LCL Subdivision

Overview
- Service type: Freight rail
- Status: Active
- Locale: Northern Kentucky, north central Kentucky, Louisville metropolitan area
- First service: 1869
- Current operator: CSX Transportation
- Former operators: Louisville, Cincinnati and Lexington Railroad Louisville, Cincinnati and Lexington Railway Louisville and Nashville Railroad

Route
- Termini: Latonia, Covington, Kentucky, United States Clifton, Louisville, Kentucky, United States
- Distance travelled: 101.4 mi (163.2 km)
- Service frequency: ~14 trains per day

Technical
- Track gauge: 1,435 mm (4 ft 8+1⁄2 in)
- Operating speed: 10–50 mph (16–80 km/h)
- Track owner: CSX Transportation
- Timetable number: 00T

= LCL Subdivision =

Railway line in Kentucky

The LCL Subdivision is a railroad line owned by CSX Transportation in the U.S. state of Kentucky.

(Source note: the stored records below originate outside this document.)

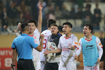 Các cầu thủ Thể Công Viettel chạy ăn mừng nhưng sau đó trọng tài lại không công nhận bàn thắng ở loạt luân lưu với CAHN tại vòng 1/8 Cúp Quốc gia 2025/26.
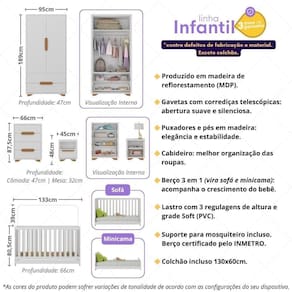 - Berço 3 em 1 versátil: transforma-se em sofá e minicama, acompanhando o crescimento da criança.
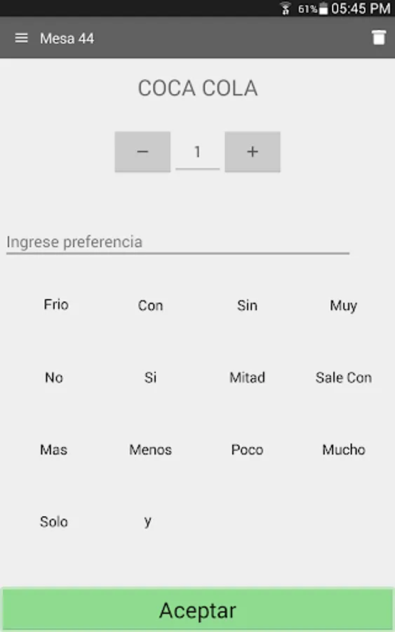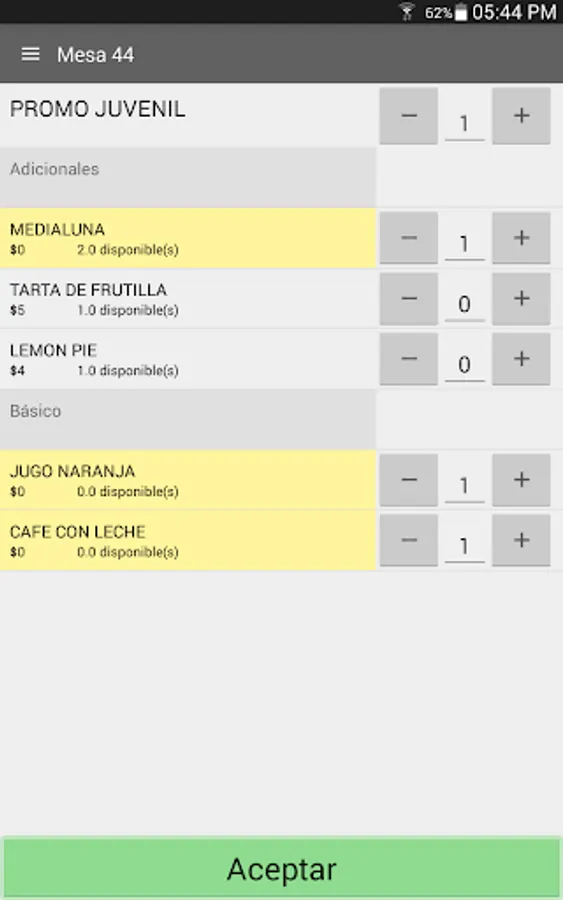 * For each item can register guest preferences (cooked, average, cold, hot, etc.)

The line runs from Covington, Kentucky, to Louisville, Kentucky, for a total of 101.4 mi. At its north end the line continues as a branch of the Cincinnati Terminal Subdivision, and at its south end the line continues as the Louisville Terminal Subdivision. A notable feature of this line is a street running section in La Grange.